Friday, April 24, 2015

Madame Bovary, c'est moi.

"What word would you use," the psychoanalyst asks while my eyes seek the canyon of Manhattan towers visible from her window, "to characterize the feeling in all these things you've been describing?" Me: "Elegiac."

     Since I respect you, let me tell you a secret.
     As a cow devours grass, so literary themes are devoured; devices fray and crumble.
     A writer cannot be a ploughman: he is a nomad, constantly moving with his wife and herd to greener pastures.

After ripping through the first section, Juan García Madero's journal from November 2 to December 31, 1975, it took me months to fall back into the The Savage Detectives. Then, momentum: I take the last third or so of the novel in great gulps, mostly on the 1, nearly missing my stop every time, accompanied by a rising, heaving disillusionment at not having lived like a visceral realist or an infrarealist — hard-boiled. Bolaño didn't believe in exile, "especially when the word exile is set beside the word literature."

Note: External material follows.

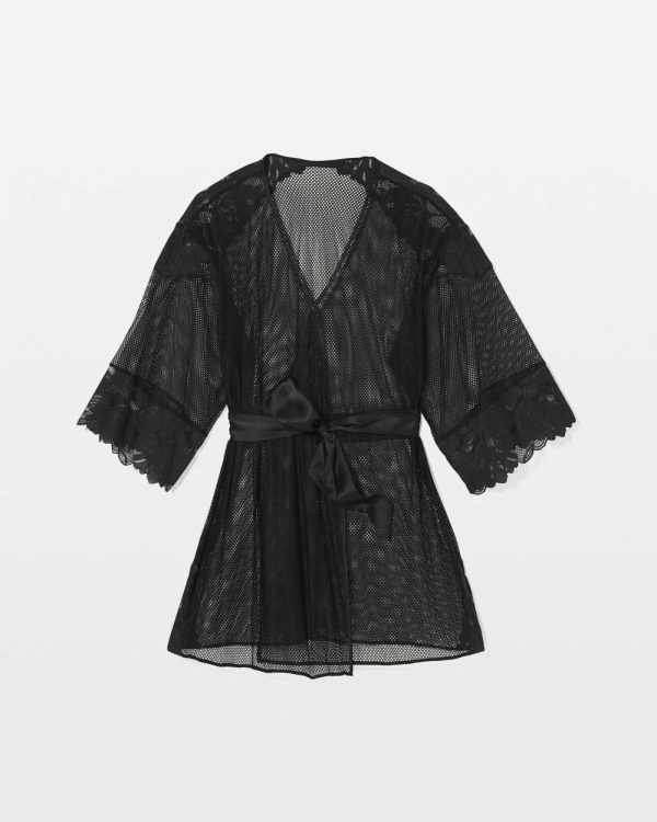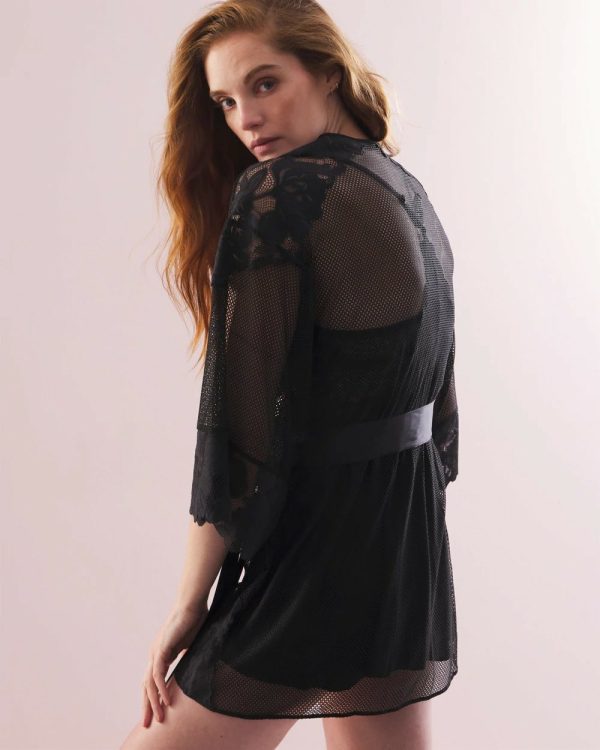 Our most luxurious lingerie yet–flirt with floral lace and mesh with our new sheer robe.

The momentum carried me headlong into Cole's Open City, which I had begun in Berlin and abandoned in a kind of panic, like catching a glimpse of yourself reflected at an unexpected angle in the bus window against which you've been resting your head; and for a moment you forget where you were going in the first place. This time I finish. The two, The Savage Detectives and Open City, pass through each other in Liberia, as though a minor character in Arturo Belano's travels there has wound up in a Queens detention center: Saidu telling his story though plexiglass to Julius. Now I fret that there is something equally despicable in my past that I have secreted away, even from myself, and that the therapist will uncover soon.

Directly on the heels of Open City, Zoo, or Letters Not about Love completed what now feels like a coincidental symphony — through Shklovsky's compressed exile in Berlin, a mental or spiritual breakdown between the lines of an epistolary novel that, like The Savage Detectives, ranges freely and idiosyncratically over a literary tradition and its recent politics. For both RBA and VBS, detection and the detective novel were special keys, but for opening what door? while Julius wanders to know himself, like the lunatic quoted by Benjamin: "I travel to know my geography."

...Moving diagonally like a knight, I have intersected your life, Alya, and you know how that was and how it is; but you turn up in my book like Isaac at the fire built by Abraham.

If ever a lady doth-protested too much, it was me writing dustily on the board clack tsssh click that the characters in the novels we will be reading this semester are not people; do not (for you cannot) identify. Drops the chalk into the tray.